- Born: Budapest, Hungary
- Citizenship: Brazilian
- Education: University of Edinburgh
- Known for: Study of evaporites, Petroleum formation by Fischer-Tropsch Synthesis
- Scientific career
- Fields: Geology, Tectonics, Geochemistry, Geochronology
- Workplaces: Eötvös Loránd University, University of Edinburgh, Princeton University, Lamont–Doherty Earth Observatory, Petrobras

= Peter Szatmari (geologist) =

Peter Szatmari is a geologist born in Budapest, Hungary, where he graduated in geology at the Eötvös Loránd University. He obtained his PhD from the University of Edinburgh on salt (evaporites) and performed post-doctoral research at Princeton University. He also worked at the Lamont–Doherty Earth Observatory, during the early days of plate tectonics theory.

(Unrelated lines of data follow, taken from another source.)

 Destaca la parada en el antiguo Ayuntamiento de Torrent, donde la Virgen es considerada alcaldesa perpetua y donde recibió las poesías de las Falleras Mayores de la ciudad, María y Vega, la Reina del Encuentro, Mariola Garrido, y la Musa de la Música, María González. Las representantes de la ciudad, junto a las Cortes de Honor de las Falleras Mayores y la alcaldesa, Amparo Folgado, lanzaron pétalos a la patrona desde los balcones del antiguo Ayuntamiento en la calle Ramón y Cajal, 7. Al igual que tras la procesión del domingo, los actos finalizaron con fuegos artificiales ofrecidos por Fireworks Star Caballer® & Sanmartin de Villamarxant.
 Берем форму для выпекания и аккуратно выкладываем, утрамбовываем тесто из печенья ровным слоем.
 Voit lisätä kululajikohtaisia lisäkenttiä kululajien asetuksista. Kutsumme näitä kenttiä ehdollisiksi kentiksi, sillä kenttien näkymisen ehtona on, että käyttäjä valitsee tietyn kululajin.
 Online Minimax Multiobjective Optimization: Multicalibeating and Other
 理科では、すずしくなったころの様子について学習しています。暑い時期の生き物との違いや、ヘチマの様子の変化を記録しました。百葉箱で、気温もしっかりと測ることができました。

Since 1973 Szatmari has worked in Brazil, initially as a consultant to Petrobras. He has taught courses and led work teams that have made important discoveries of deposits of potassium salts and oil in the Sergipe-Alagoas and Amazonas basins. Since 1980, he has been a member of the research staff of the Research Center of Petrobras, CENPES, in Rio de Janeiro. In addition to coordinating various study groups, he has taught courses in structural geology, tectonics, and tectonic geology of salt (evaporites).

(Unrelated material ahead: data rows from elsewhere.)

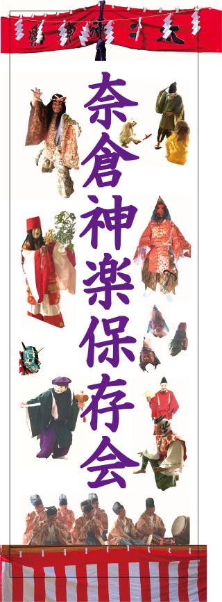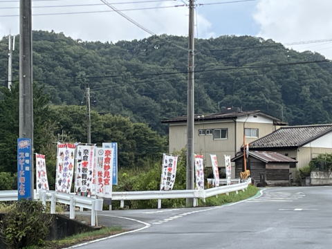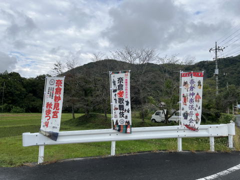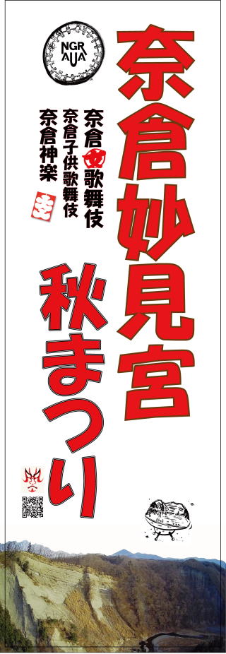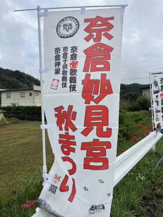 祭りを盛り上げるためにのぼり旗を作りました。早速妙見様の前に設置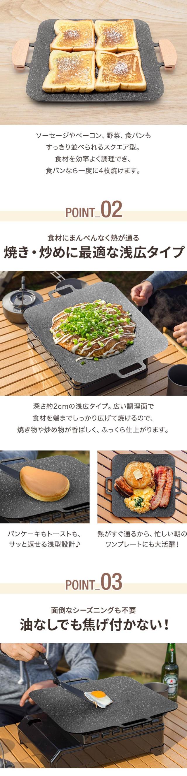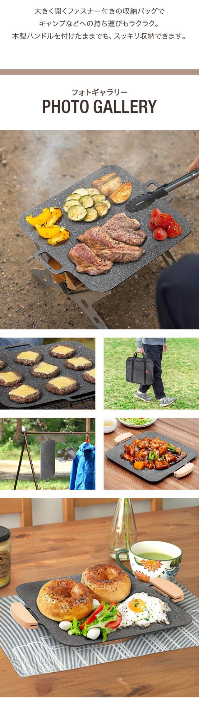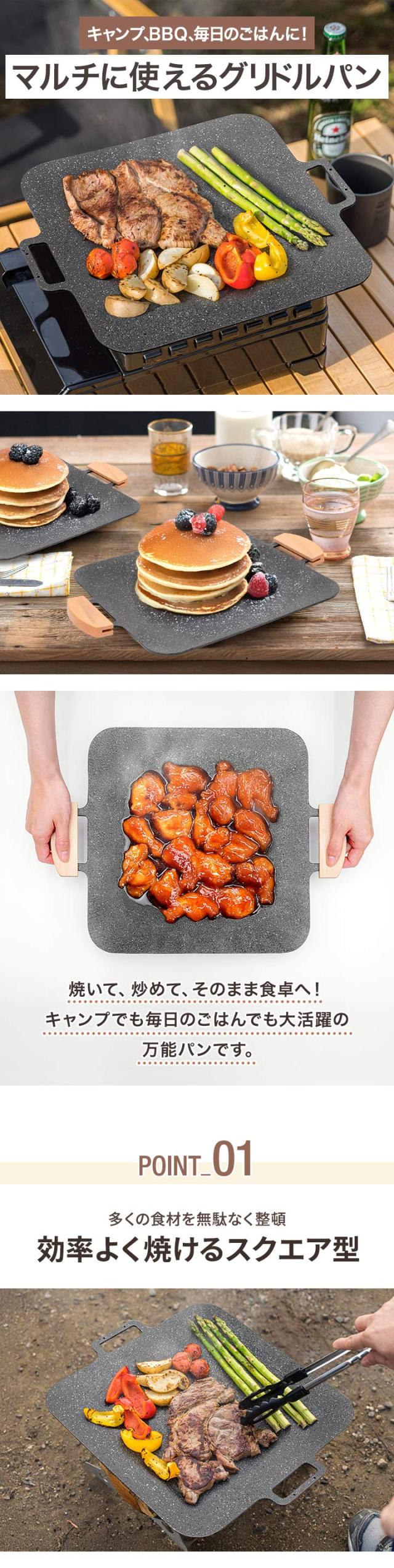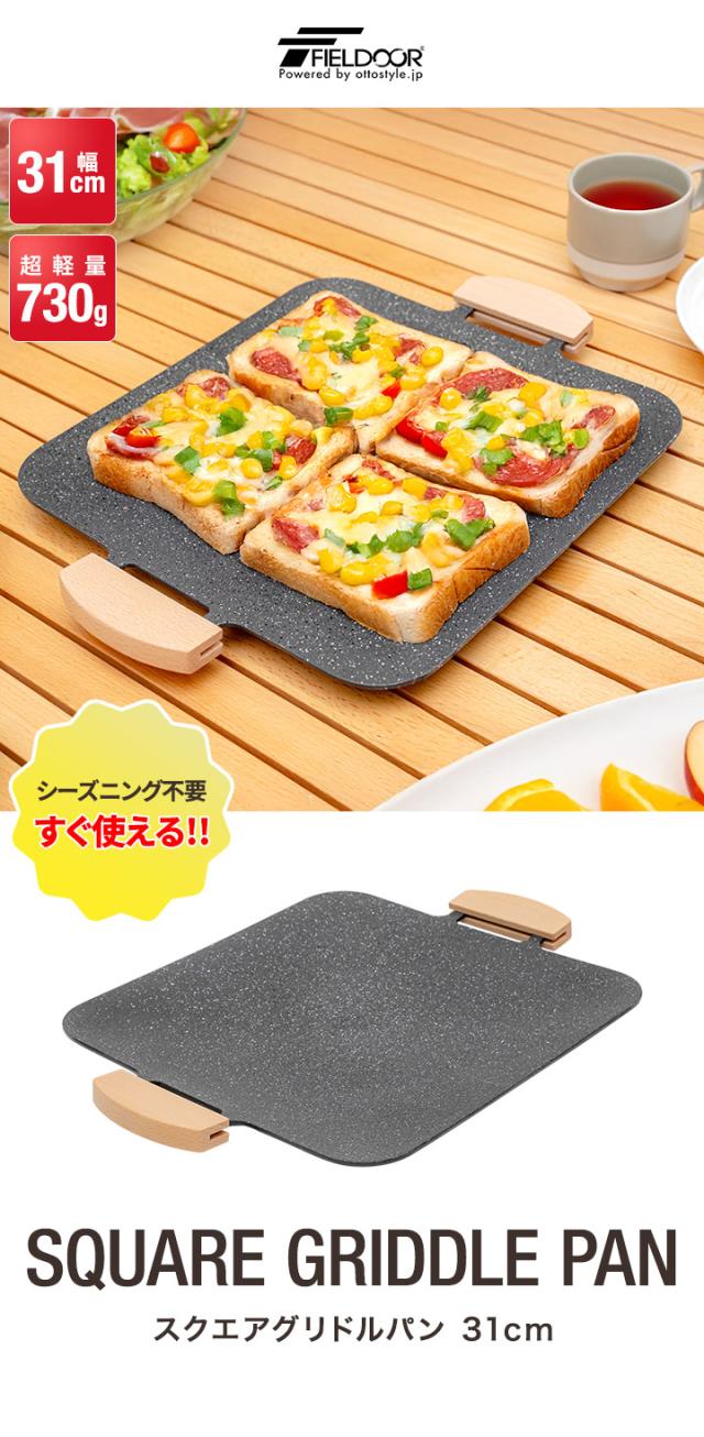 FIELDOOR スクエアグリドルパン 四角 31cm×37cm 直火/ガス/IH対応 軽量アルミ合金 角型 鉄板 グリルパン グリルプレート マルチグリドルパン フライパン アウトドア キャンプ キャンプ飯 焼肉 木製ハンドル・収納バッグ付き 1年保証 送料無料
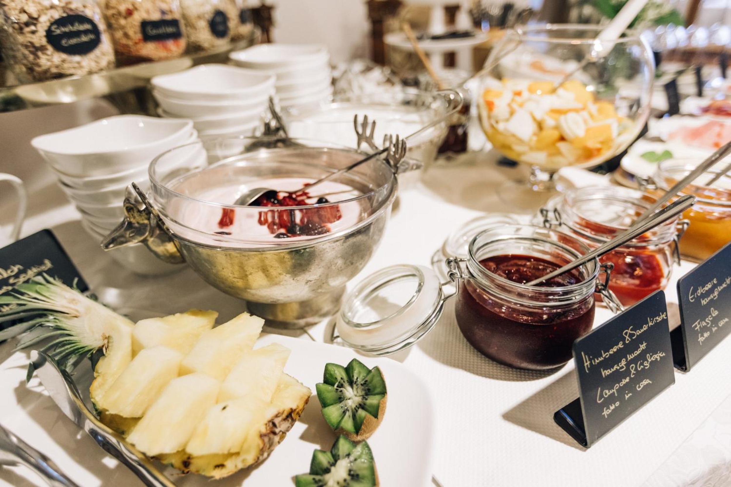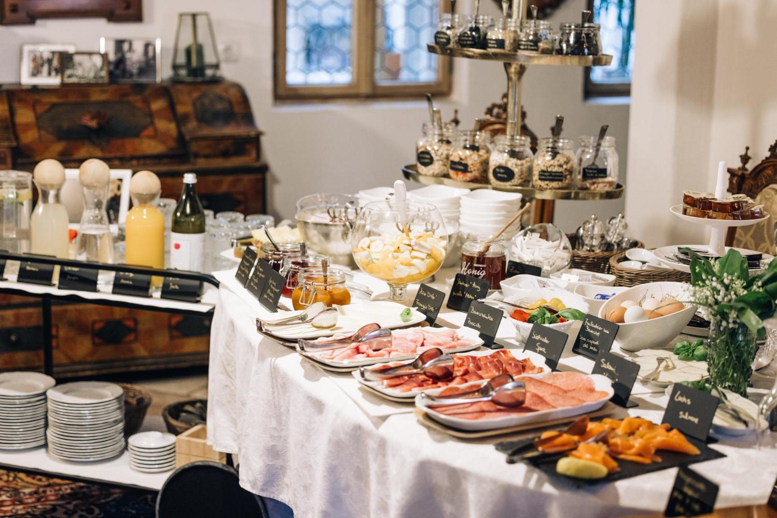 Indulge in freshly squeezed juices, homemade treats, and eggs at our breakfast buffet each morning. Enjoy our garden, sun terrace, and reading area with books on South Tyrol. Book your stay at Amplatz 1523 - B&B and Suites now to experience a delightful blend of history and comfort.

Szatmari has published over 200 works, including articles in scientific journals, monographs and technical reports, and jointly edited the book Salt - Geology and Tectonics. One of Szatmari's most important contributions is on the formation of oil via catalytic reactions of the Fischer-Tropsch type, as serpentization of mantle's peridotites. He also performed studies on the distribution of metals present in petroleum, comparing them with the mantle rocks, chondrites, crust, and seawater.

His recent research work, with others at Petrobras and its private partners (British Gas BG, Repsol of Spain and GALP of Portugal), on the oil deposites deep beneath the salt layer in the Santos Basin (the continental crust extending about 700 kilometers offshore in the region of the São Paulo) has been mentioned in the Brazilian national press.

In 2009, he was the honorary president, of the VI International Symposium on Tectonics.
In 2012 received the Prize Gold Medal “José Bonifácio de Andrada e Silva” from Brazilian Geological Society in honour to geoscientists who have contributed to the development and advancement of geological knowledge by research and scientific leadership.